[Work required]
Start the copy at the line holding "2023年9月15日,由传媒" and continue it exactly through the last line of the entries, leaving out pictures and anything else.

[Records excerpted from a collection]

☆ ☆ ☆ ☆ ☆

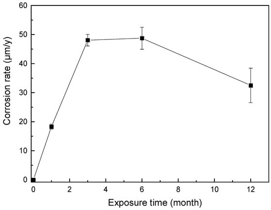 The variation curve of the corrosion rate of AZ91 Mg alloy on the deck of Research Vessel KEXUE after 1 year of exposure is shown in Figure 10. In the first three months of exposure, the corrosion rate rapidly increased with an approximately consistent slope. The corrosion rate in three months reached as high as 48.08 μm/y. The corrosion rate remained stable for the next three months, and after six months of exposure, the corrosion rate of the sample gradually decreased with the passage of exposure time. After 12 months of exposure, the corrosion rate of the sample was 32.50 μm/y. The reason for this is speculated to be the more positive potential of the second phase (β-Mg17Al12) compared to the matrix phase [31], resulting in micro-galvanic corrosion. After 3 months, the micro-galvanic corrosion and the hindrance of the second phase reached equilibrium, and the corrosion rate remained unchanged. After 6 months, with the dissolution of the matrix phase, the relative proportion of the second phase increased, and its hindrance became more obvious. The thick corrosion product film also hindered the infiltration of chloride ions, resulting in decreasing the corrosion rate of AZ91 Mg alloy.
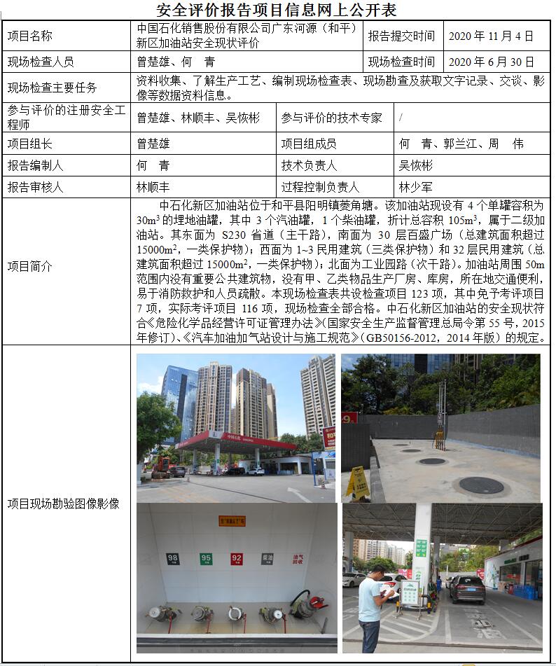 中国石化销售股份有限公司广东河源(和平)新区加油站安全现状评价
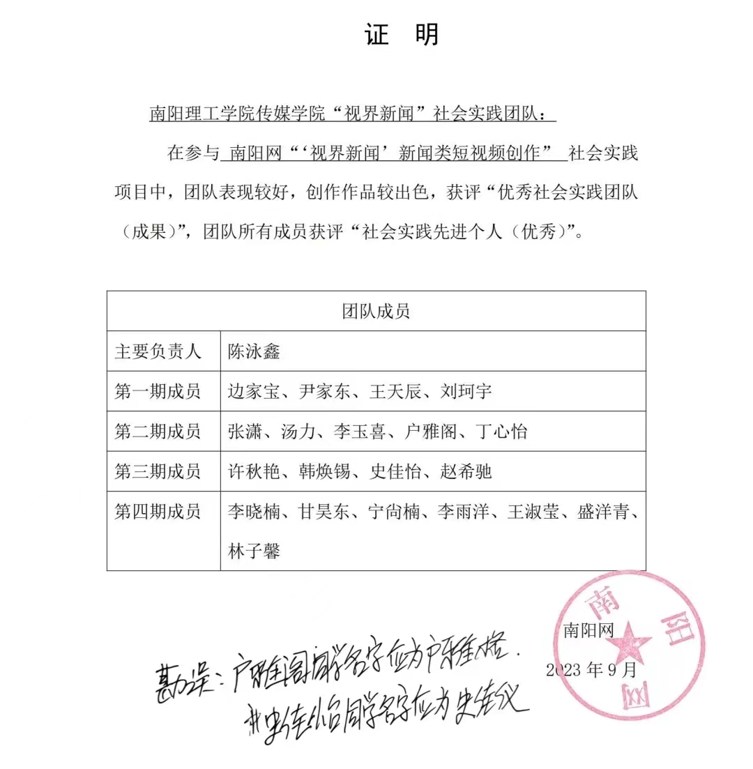 2023年9月15日,由传媒学院播音与主持艺术专业学生组成的“视界新闻”社会实践团队,荣获南阳网“优秀社会实践团队”“社会实践先进个人(优秀)”等荣誉。
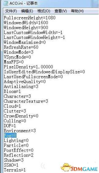 和《刺客信条枭雄》的解决方法类似,找到我的文档,Assassin's Creed Origins文件夹,打开ACO.INI,修改FOG=0(其实就是关闭烟雾效果)即可。如下图:
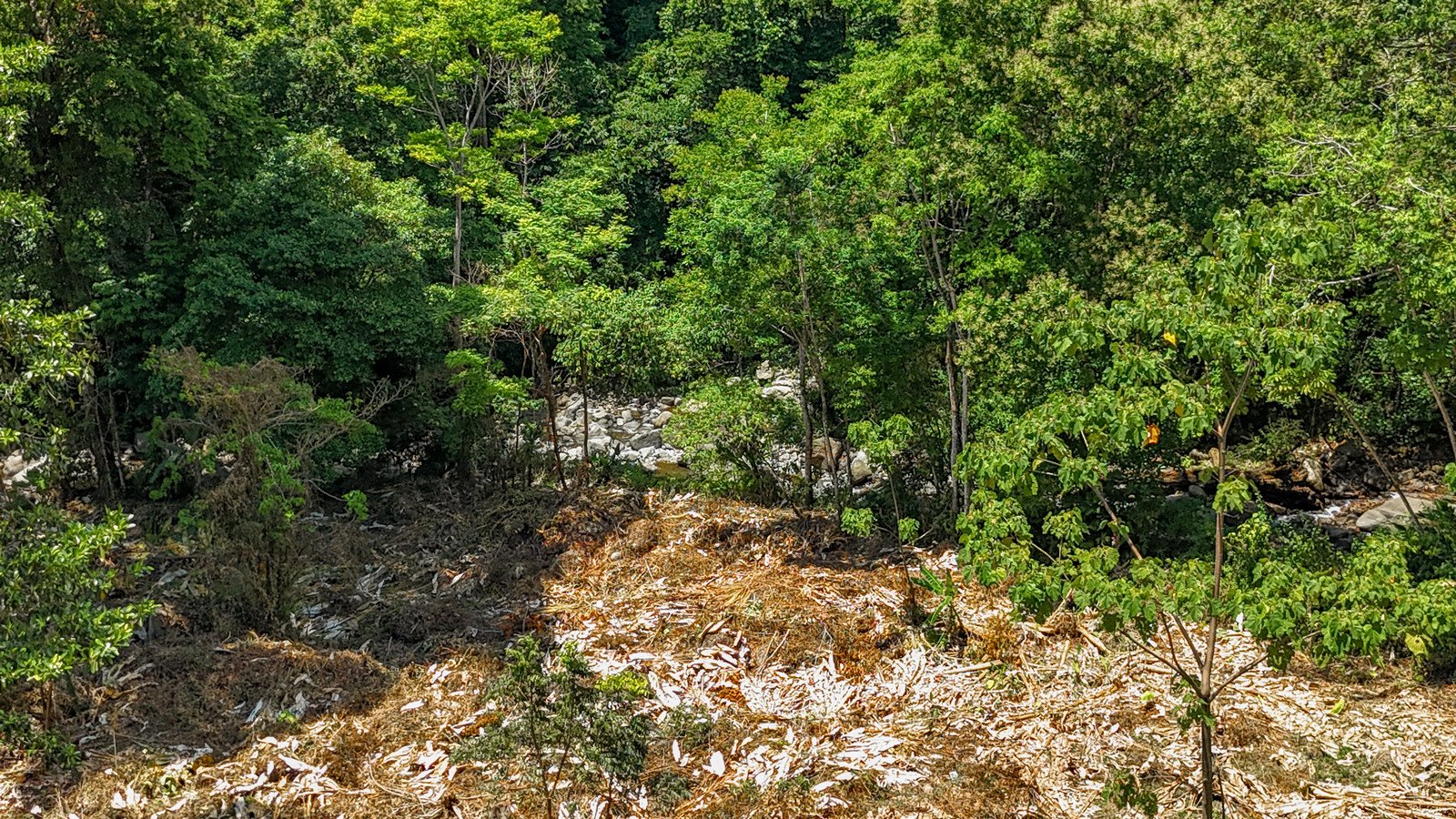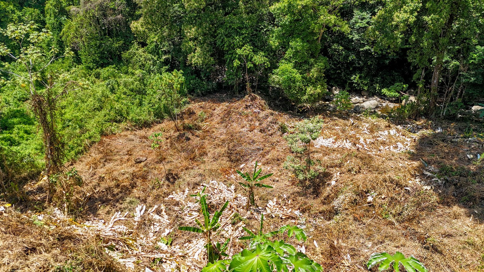 The land borders Tortuga River, a brisk mountain waterway which is always cool & refreshing and a favourite for dry season dips. This river experiences full flow year-round and its lower reaches are lively with kids & families picnicking, swimming or playing along its banks.

☆ ☆ ☆ ☆ ☆

[Output for this task]
 2023年9月15日,由传媒学院播音与主持艺术专业学生组成的“视界新闻”社会实践团队,荣获南阳网“优秀社会实践团队”“社会实践先进个人(优秀)”等荣誉。
 和《刺客信条枭雄》的解决方法类似,找到我的文档,Assassin's Creed Origins文件夹,打开ACO.INI,修改FOG=0(其实就是关闭烟雾效果)即可。如下图:
 The land borders Tortuga River, a brisk mountain waterway which is always cool & refreshing and a favourite for dry season dips. This river experiences full flow year-round and its lower reaches are lively with kids & families picnicking, swimming or playing along its banks.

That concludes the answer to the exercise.